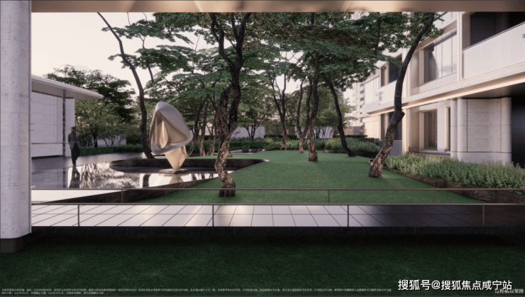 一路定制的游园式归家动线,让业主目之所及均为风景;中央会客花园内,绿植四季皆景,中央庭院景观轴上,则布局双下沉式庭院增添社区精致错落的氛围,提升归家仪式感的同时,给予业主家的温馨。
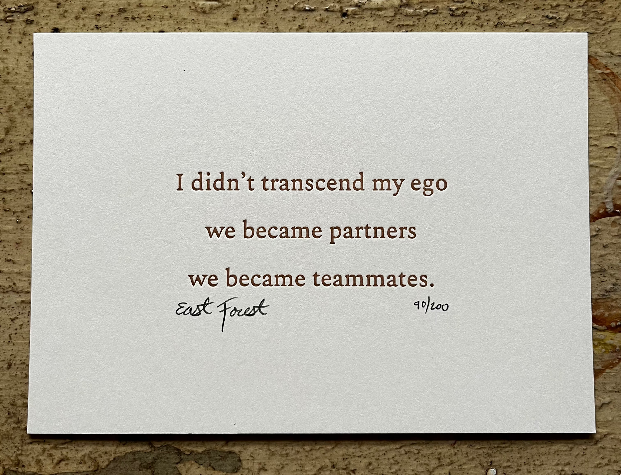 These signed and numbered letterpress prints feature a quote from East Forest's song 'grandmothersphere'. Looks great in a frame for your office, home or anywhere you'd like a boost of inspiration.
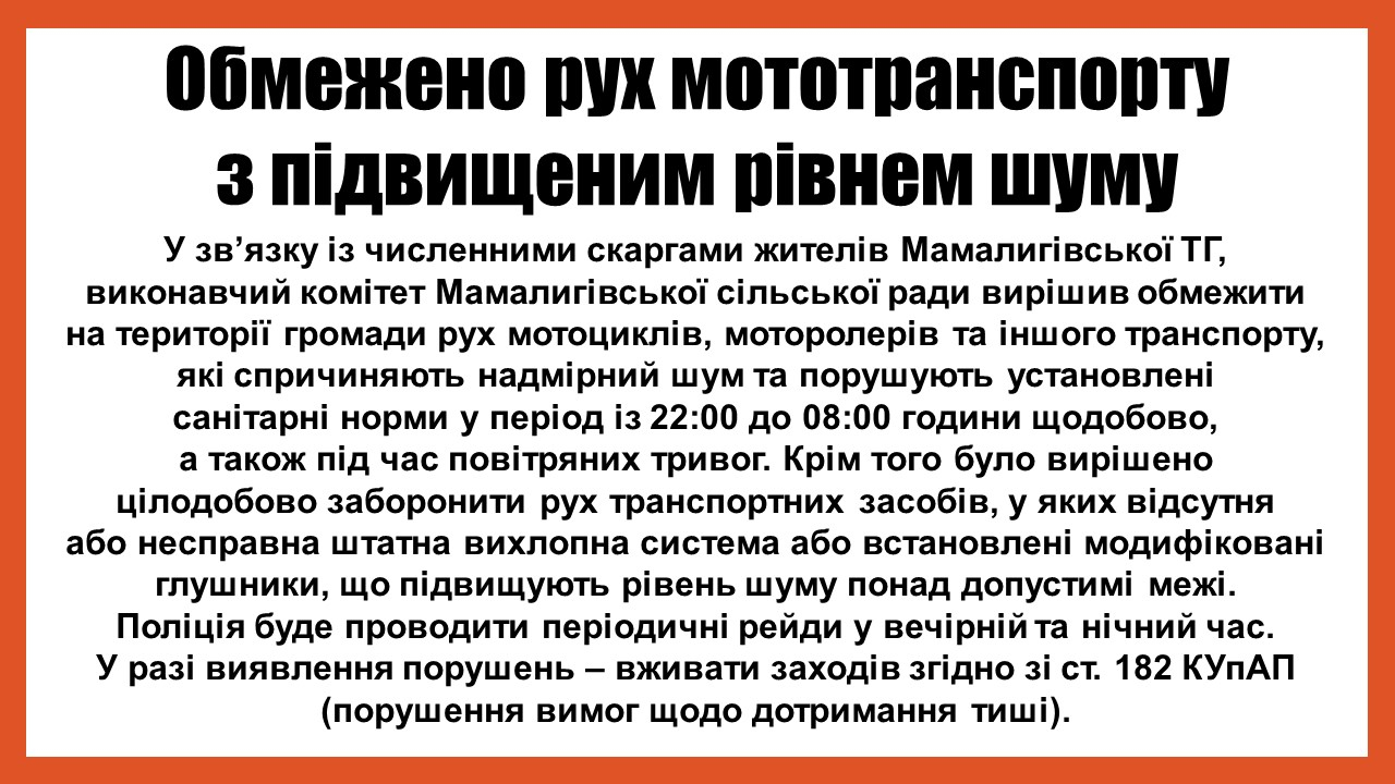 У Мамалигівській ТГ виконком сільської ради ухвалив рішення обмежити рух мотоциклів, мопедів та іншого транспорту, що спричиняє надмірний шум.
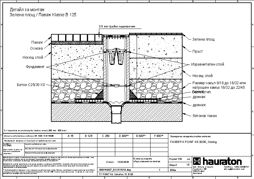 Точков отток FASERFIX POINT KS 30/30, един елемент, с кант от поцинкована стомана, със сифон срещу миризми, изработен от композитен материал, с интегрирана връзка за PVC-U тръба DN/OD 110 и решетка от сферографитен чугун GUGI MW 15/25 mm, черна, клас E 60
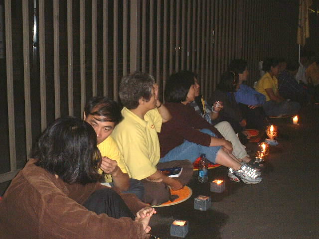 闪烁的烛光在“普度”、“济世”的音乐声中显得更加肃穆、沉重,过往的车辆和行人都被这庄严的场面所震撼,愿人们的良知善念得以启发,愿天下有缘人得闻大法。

### PROBLEM DESCRIPTION:
Output exactly the lines from the first line of the records through the line containing "These signed and". Leave out every picture.

### ANSWER AREA:
 一路定制的游园式归家动线,让业主目之所及均为风景;中央会客花园内,绿植四季皆景,中央庭院景观轴上,则布局双下沉式庭院增添社区精致错落的氛围,提升归家仪式感的同时,给予业主家的温馨。
 These signed and numbered letterpress prints feature a quote from East Forest's song 'grandmothersphere'. Looks great in a frame for your office, home or anywhere you'd like a boost of inspiration.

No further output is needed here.